Another aspect of ‘classical’ is that it indicates quality detectable by anyone who cares to experience it, and which is ever more apparent as one’s expertise in the medium grows. Understanding the difference is analogous to learning discernment in anything.  For instance, most people who do their first wine comparison can taste that a fine wine is better than a poor one, but that is about the extent of their discernment. But if they practice and pay attention, their wine palate becomes more finely attuned, and the more they do so, the more extensive and readily apparent become the differences between wines.


In martial arts, anyone who attempts some sensitivity to quality differences should be able to sense them like the novice taster can with wine. All they have to do is take the time and effort to experience an “American” karate style, as taught in chain-locations in just about every city in the U.S., and then a classical style, in which the teachers are accredited inheritors of a direct lineage of teachers going back at least a hundred years. A few weeks in each will illustrate the difference even to the novice.
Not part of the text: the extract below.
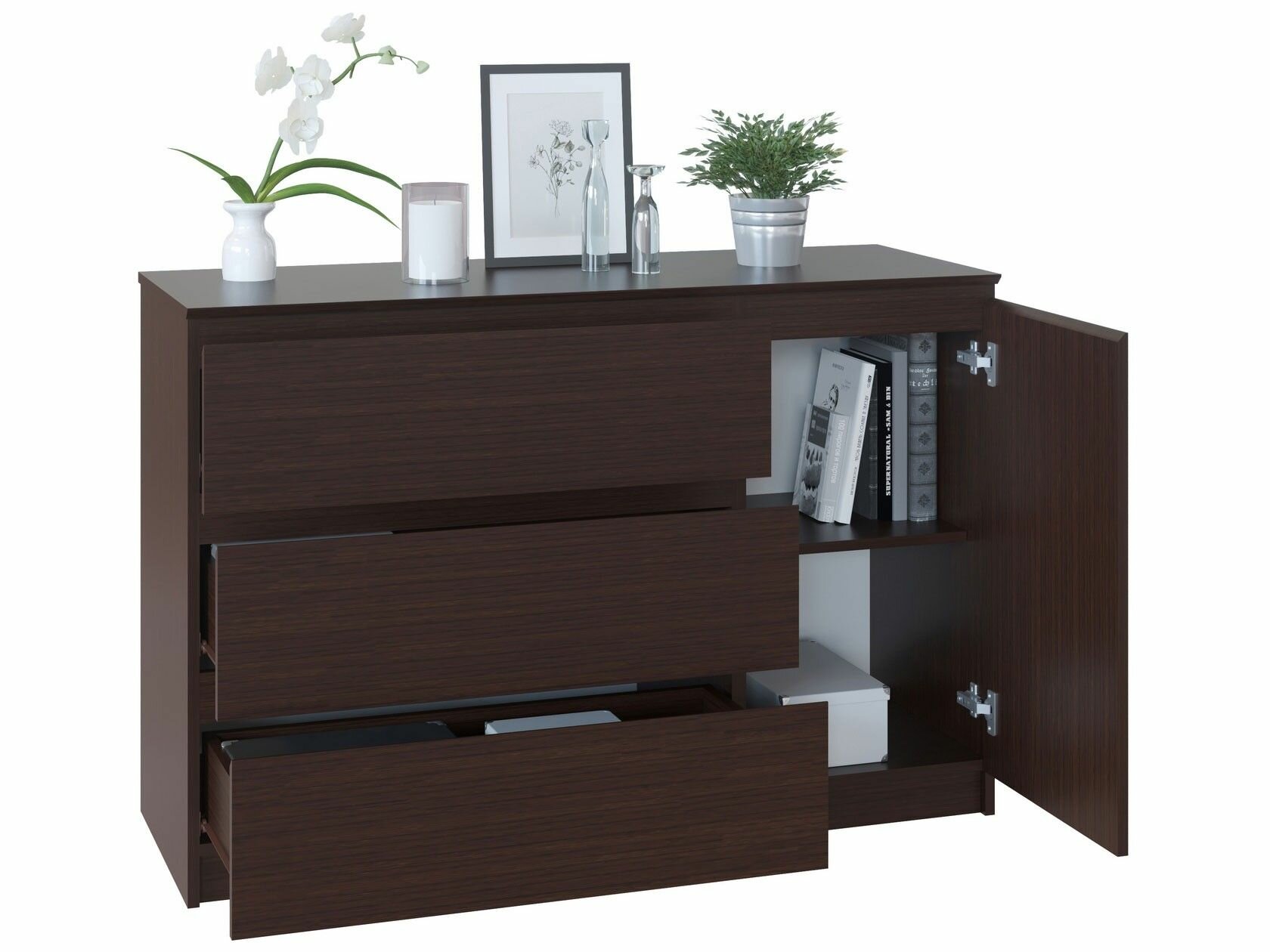 Надежная конструкция: комод изготовлен из прочного материала ЛДСП, что гарантирует его долговечность и надежность.

The depth that each artifact, each part of waza, can provide to the body, the mind, and the soul become ever clearer. Classical indicates and demands quality.
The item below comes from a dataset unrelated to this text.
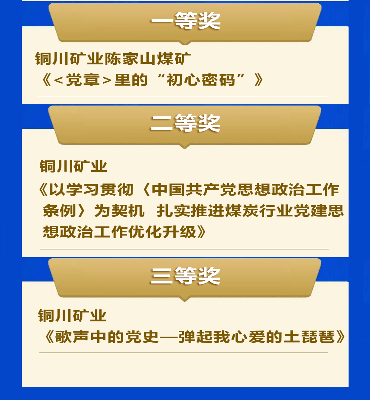 玉华煤矿玉华井作品《以学习贯彻〈中国共产党思想政治工作条例〉为契机,扎实推进煤炭行业党建思想政治工作优化升级》获二等奖。该作品立足行业发展大局,结合学习贯彻《中国共产党思想政治工作条例》,系统阐述了如何以制度建设为引领,探索党建思政工作提质增效的实践路径,推动煤炭行业党建思想政治工作不断迈上新台阶。
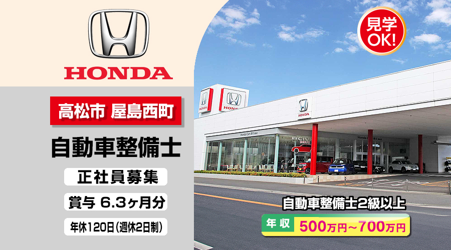 株式会社ホンダモビリティ中四国 (ホンダカーズ香川 屋島店)【ホンダモビリティ中四国】 自動車整備士・メカニック(高松市屋島西町)

Perhaps most of us, as modern Americans, are actually not as gifted as I am proposing in detecting quality. After all, there are obviously plenty of Americans who thinks McDonalds is great food and Budweiser is great beer. These people will find themselves happier with the chain karate or taekwondo styles, with their contracts, clockwork belt tests, tournaments, trophies, and instructors with pep-talks about “add-i-tuude!” The classical experience will frustrate these people. It will move along slowly, will demand time, effort, patience, repetition. It will ask more from their frontal cortex and less from their adrenal glands. They will be left wondering just how long it will take to learn to kick someone’s ass and they will likely go back to their “efficient,” chain, competition system.


But for those who appreciate the difference between run-of-the-mill and high-quality in any experience of life, the experiment in martial arts should show the difference. When you put in the extra effort, patience, and discipline that is required, you will eventually be repaid tenfold in the gratifications that the classical experience provides. The person at the chain/competition, belt-mill karate place will know how to execute a punch, a kick, maybe a throw or a headlock. With sparring gear on, they will probably be able to beat you at scoring points for a few years. It is what they do. However, there is little to be sure that they will retain their skills in the moment they need them. There is much to argue that most of them will not. It is even less likely that they will get lessons that cross-access the ideas from their training into their daily philosophy, or the connection between their mind, body, and soul. Even if they do, the only lessons available are the cheap, trite ones that you will find in most pulp guides to a better life. When they talk about the life lessons of their art, they go back to the physical, or simple mental constructs like “can-do!” and “assertiveness!” or “keep going!” These are fine things, but they are the merest edge of the scroll of life accessible through martial arts training.


Classic arts provide access to far more. The head of my system says to us just about every time we finish a seminar: “Waza easy. Do – that’s hard!” (‘waza’ is physical technique, which seems anything but easy in his seminars, where ‘do’ is the journey of the art – ‘tao’ in Chinese).


So I chose classical because it has a genuine, high-quality do that makes training rich and meaningful for my entire life experience. As my sensei said on numerous occasions, “karate is about life, life is not about karate”. I do karate for my life, so the classical experience is the obvious choice.